§ **Data**:
* * *
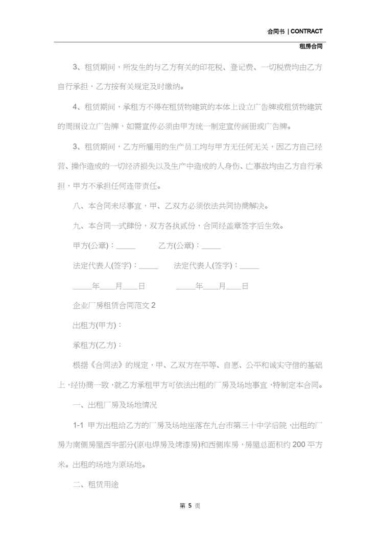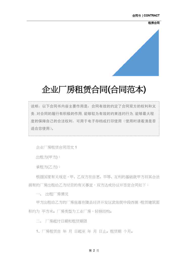 不久前,最新文档《企业厂房租赁合同(合同范本)》全文正式在本站发布,感兴趣的用户可以下载阅读。 声明:本站所有文章,如无特殊说明或标注,均为本站原创发布。任何个人或组织,在未征得本站同意时,禁止复制、盗用、采集、发布本站内容到任何网站、书籍等各类媒体平台。如若本站内容侵犯了原著者的合法权益,可联系我们进行处理。
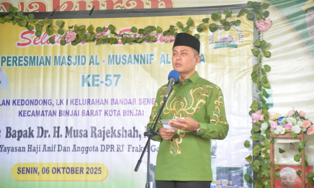 InfraSumut.com – Binjai. Ketua Yayasan Haji Anif (YHA), Musa Rajekshah, meresmikan Masjid Al Musannif Al Huda di Jalan Kedondong, Kelurahan Bandar Senembah, Kecamatan Binjai Barat, Kota Binjai, Senin (6/10/2025).
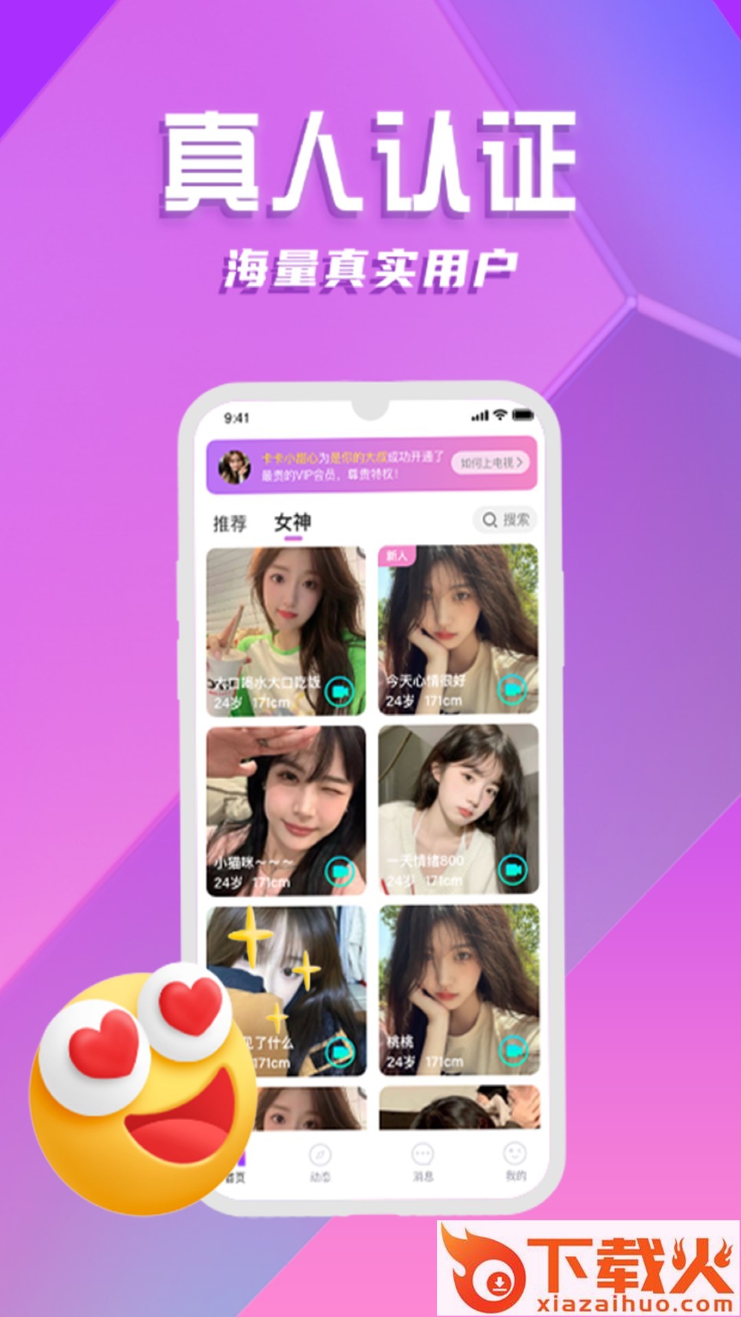 海量颜值女生,实名认证,真人视频记录,展示自我,拒绝照骗,真实交友。
* * *
§ **Work task**:
Could you print the data exactly as it appears and keep the pictures out?

§ **Result of the task**:
 不久前,最新文档《企业厂房租赁合同(合同范本)》全文正式在本站发布,感兴趣的用户可以下载阅读。 声明:本站所有文章,如无特殊说明或标注,均为本站原创发布。任何个人或组织,在未征得本站同意时,禁止复制、盗用、采集、发布本站内容到任何网站、书籍等各类媒体平台。如若本站内容侵犯了原著者的合法权益,可联系我们进行处理。
 InfraSumut.com – Binjai. Ketua Yayasan Haji Anif (YHA), Musa Rajekshah, meresmikan Masjid Al Musannif Al Huda di Jalan Kedondong, Kelurahan Bandar Senembah, Kecamatan Binjai Barat, Kota Binjai, Senin (6/10/2025).
 海量颜值女生,实名认证,真人视频记录,展示自我,拒绝照骗,真实交友。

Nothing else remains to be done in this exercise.